Junge Unternehmen verdrängen etablierte Anbieter vom Markt. Dieser Erfolg stellt traditionelle betriebswirtschaftliche Prämissen wie z. B. „Größe als Wettbewerbsvorteil“ (Economy of scales) zusehends in Frage, da sich die Transaktionskosten in vielen Bereichen, insbesondere in der Kommunikation massiv reduzieren (z. B. Webshop statt physische Outlets, E-Mail statt Brief, etc.). Dadurch wird es erstmals möglich, dass viele Einzelne dezentral das gleiche erreichen können, wie große, hierarchisch zentral organisierte Unternehmen. Es findet eine Fragmentierung der Economies of Scale in der „Community“ statt.
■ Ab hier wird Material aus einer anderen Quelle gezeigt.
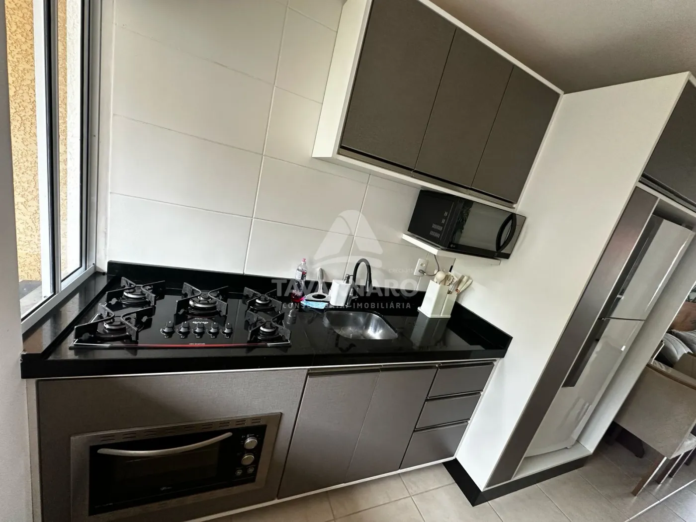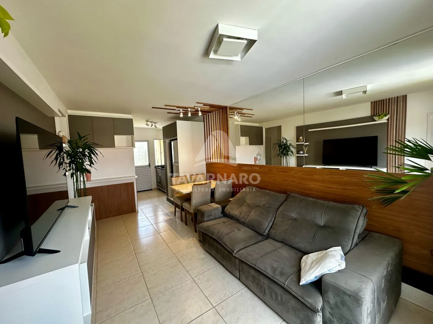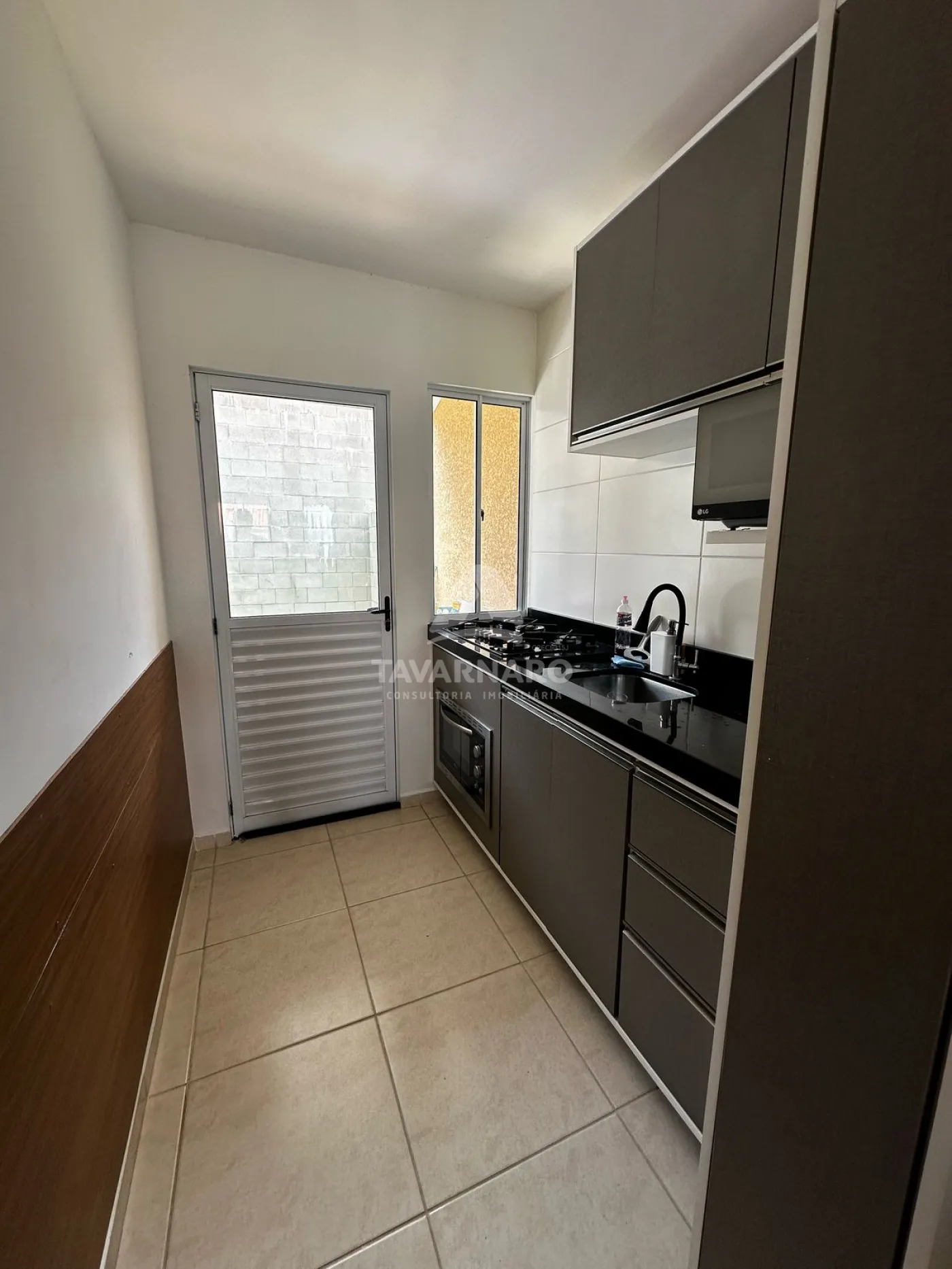 São 3 quartos, sala integrada a cozinha e 1 vaga de estacionamento.

Für das Controlling bedeutet die fortschreitende Digitalisierung und totale Vernetzung, dass die Bereiche Strategie, Geschäftsmodell und Innovation an Stellenwert gewinnen und stärker im Aufgabengebiet der Controller verankert werden müssen. Gleichzeitig dürfen Controller bestehenden Prämissen nicht als gegeben ansehen, sondern immer häufiger auf ihre Gültigkeit hinterfragen.

Die Controllinginstrumente sind heute konzeptionell ausgreift und mannigfaltig vorhanden. Jedoch werden sich durch Industrie 4.0 bzw. die digitale Transformation im Bereich der Datenverfügbarkeit und Datenanalyse signifikante Veränderungen ergeben. Durch die Digitalisierung und totale Vernetzung erleben wir bereits heute eine Explosion der Datenmengen, die sich durch Milliarden intelligenter Maschinen bzw. Produkte noch rasanter erhöhen und zu Big Data führen wird. In einem Umfeld, in dem Daten durch vernetzte „Dinge“ permanent global und zum Großteil automatisiert entstehen und verteilt gespeichert werden, ist die Gefahr von Datenfriedhöfen, die niemand überblicken und analysieren kann, groß. Es ist offensichtlich, dass für Controller die Definition des Datenmodells sowie die Strukturierung und Plausibilisierung der verfügbaren Daten oder auch Datenschutzaspekte wichtige zukünftige Aufgaben werden. Das White Paper des Internationalen Controller Vereins zum Thema Big Data beschreibt diese Auswirkungen im Detail. Ganz konkret werden Controller in ihrer Informationsversorgungsfunktion vor der Herausforderung stehen, immer größere Datenmengen durch neue Formen der Visualisierung in aussagekräftige Steuerungsinformationen überzuführen, um den drohenden Information Overload der Führungskräfte zu vermeiden. Controller werden in Zukunft in ihren Berichten Tabellen reduzieren und durch geeignete grafische Darstellungen oder Text ersetzen müssen, weil diese eine Informationsverdichtung ermöglichen und somit auch für kleinere Displays von Tablets über Smartphones bis zur Apple Watch geeignet sind.

In der unmittelbaren Zukunft sind Controller gut beraten, sich der betriebswirtschaftlichen und strategischen Komponente von Industrie 4.0 aktiv anzunehmen und die Aktivitäten des Unternehmens vom technisch Machbaren zum betriebswirtschaftlich Sinnvollen proaktiv zu lenken.